A voter confronts Rahm Emanuel during his listening tour on the South side, arguing that the black community hasn't received any jobs from Washington.
Will Rahm Emanuel have difficulty attracting African-American voters?
While on his listening tour Monday morning, the mayoral contender caught some flack from a Park Manor resident who sounds upset about the lack of jobs in his South Side community.
"Why should we vote Democratic," asked the resident, who gave his name only as Paul. "Since the Democratic Party gave all the jobs to every ethnic group besides the African-Americans in their own community ... why should we vote Democratic now? You was in Washington, and it never reached us."
In response, Emanuel said there hasn't been the investment necessary in African-American communities, and he asked Paul to sit down and talk about his concerns.
Emanuel, however, does seem to face a challenge in the black community, where leaders are longing for a revival of the Harold Washington legacy, and are seeking a consensus candidate.
African-Americans dominate five of the city's top 10 wards. And of the top 23 wards with registered voters, African-Americans control a majority in 12. Don't assume that Emanuel, being a Democrat, can easily win those. And if you're one of those folks who think it's wrong for me to focus on race, then you clearly don't get Chicago politics.
It is an open secret in Washington that the Congressional Black Caucus despises Emanuel. A longtime caucus member told me that normally when they meet with the president, the chief of staff attends the meetings. But in the time Obama has been in the White House, Emanuel didn't attend one meeting, and has always given a cold shoulder to black members of Congress. And if you ask black political operatives, pollsters and insiders, they all have a "why-I-can't-stand-Emanuel" story.

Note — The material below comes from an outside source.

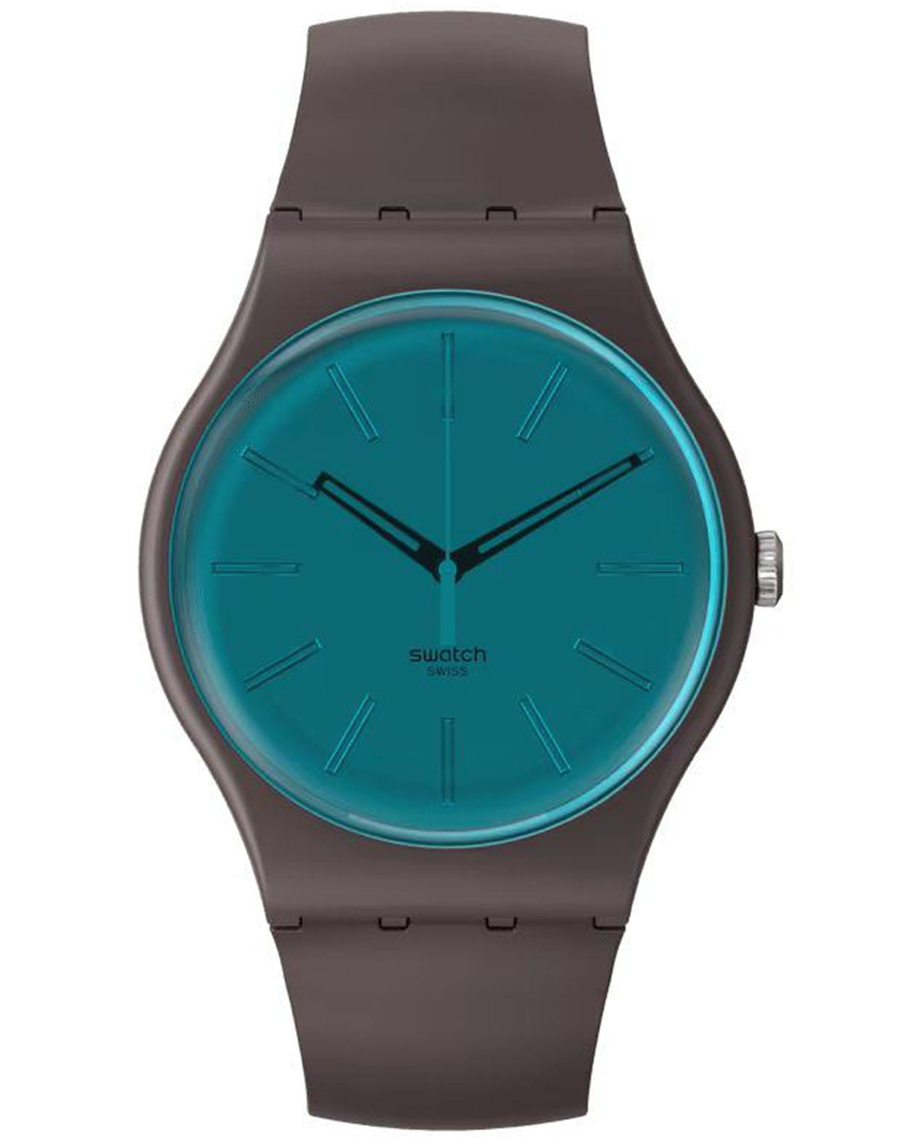 Часы Swatch SO29C100 —  стильный и надежный аксессуар. Современный взгляд на классику. Эти часы имеют коричневый корпус и ремешок из биоматериала, голубой циферблат покрыт прозрачным голубым биостеклом. Мерцающий блеск модели обусловлен особым методом гравированной отделки. Внутри часов установлен надежный кварцевый механизм, который обеспечивает точность хода. Эти часы водонепроницаемы до 30 метров, что позволяет не беспокоиться о случайных брызгах или дождевых каплях. Swatch SO29C100 — это идеальный выбор для тех, кто ценит сочетание стиля, комфорта и функциональности в одном аксессуаре.

If he wants to win the mayor's race, just having the public support of Obama isn't enough. He is going to have to deal with Reps. Danny Davis, Bobby Rush and Jesse Jackson Jr. All three have massive ground troops, and if they are willing to rally around someone like the Rev. James Meeks, also a state senator (I attend his church, Salem Baptist Church of Chicago), who can also pull white social conservatives to his side, Emanuel can forget about getting a significant share of the black vote.